On raconte que le maréchal, à peine les yeux jetés sur les documens, se mit dans une violente colère : « Ils veulent nous f… l’Italie sur le dos, maintenant ! se serait-il écrié. Jamais je ne consentirai ; je ne veux pas qu’on nous jette dans une nouvelle querelle, je ne veux pas, entendez-vous bien !… » La scène était si vive que le secrétaire, porteur du message, en fut tout interloqué, et le maréchal dut lui expliquer avec bonté que ces paroles ne pouvaient l’atteindre. Le conseil des ministres opina dans le même sens. Les plénipotentiaires français, avertis par le télégraphe, durent donc renoncer à leur projet, et le silence fut gardé, devant le Congrès, sur les tractations anglo-françaises, au sujet du nouvel équilibre dans la Méditerranée [1].

Après le Congrès, M. Waddington, de retour à Paris, eut-il plus d’empire sur le maréchal et sur ses collègues, ou bien crut-il de son devoir de ne pas laisser tomber dans l’oubli les déclarations si importantes qui lui avaient été faites ?

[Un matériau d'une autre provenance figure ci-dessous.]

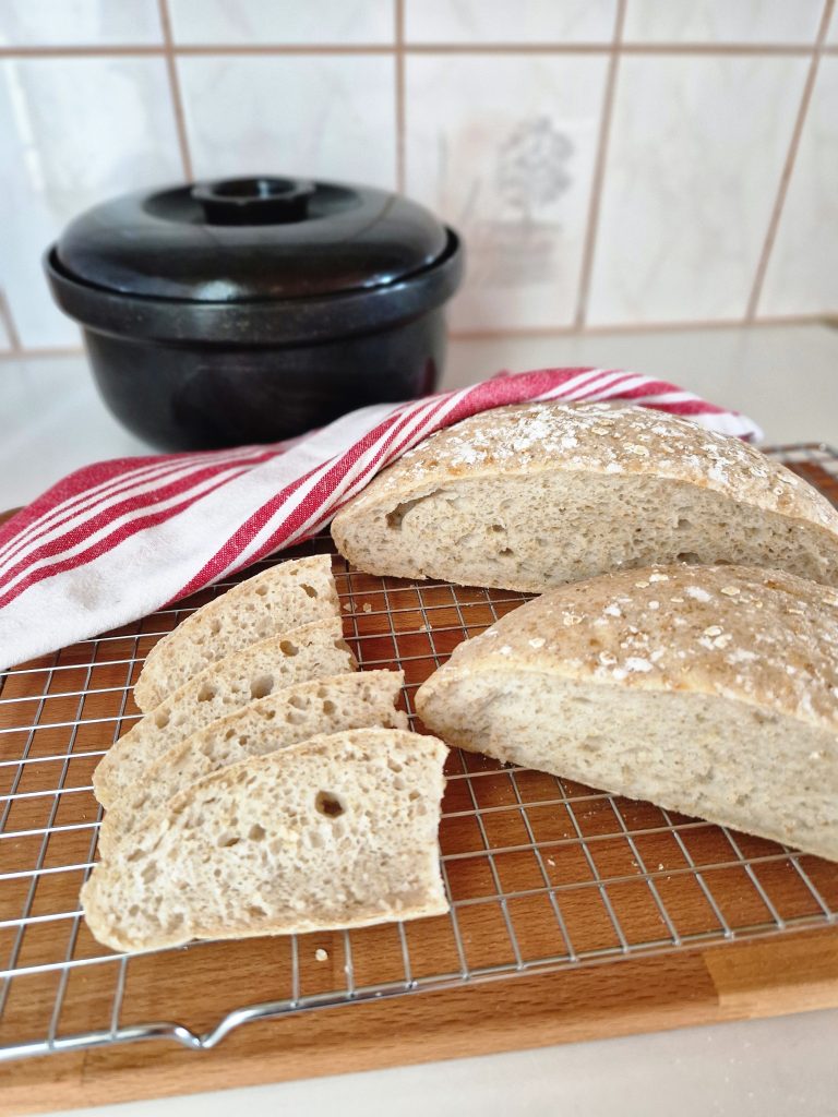 Ota pata pois uunista ja kumoa valmis leipä leivinritilälle jäähtymään. Pataleipä irtoaa helposti padasta. Anna leivän jäähtyä ennen kuin leikkaat maistiaispalan sahateräisellä veitsellä.

  1. Les renseignemens sur le langage et l’attitude du maréchal de Mac Mahon proviennent d’un témoin oculaire et digne de foi. Ils ont été contrôlés, d’ailleurs, à la source la plus sûre. Cependant, la version de M. de Marcère est différente : « M. de Bismarck, qui exerçait sa profession de courtier, écrit-il, nous fit entendre que nous pourrions nous emparer de la Tunisie sans qu’il eût rien à y redire… La question se posa au conseil de savoir si nous ne devions pas profiter de cette sorte d’ouverture. Quelques-uns d’entre nous rappelaient l’adage : Timeo Danaos et dona ferentes. Quant à moi, je n’éprouvais pas ce scrupule. Je pensais depuis longtemps, et le général Chanzy m’avait confirmé dans l’opinion que la possession de la Tunisie était indispensable à la sécurité de notre colonie d’Afrique. Le maréchal de Mac Mahon partageait cet avis. Il était très résolu et aurait volontiers engagé l’affaire, dont le succès assuré souriait à son patriotisme et aurait jeté un reflet de gloire sur sa présidence. Le conseil des ministres ne jugea pas qu’il y eût lieu, pour le moment, de donner suite à cette affaire… » Dans la discussion du budget de 1879, au Sénat, M. Waddington prononça une phrase célèbre, félicitant la France d’avoir été à Berlin « libre d’engagemens, d’en être revenue libre d’engagemens et d’être restée libre d’engagemens ! » C’est ce qu’on a appelé la « politique des mains nettes. » Il y a eu quelque incertitude dans tout cela jusqu’au jour où la France, engagée avec MM. Barthélémy Saint-Hilaire et Jules Ferry, se décide et agit.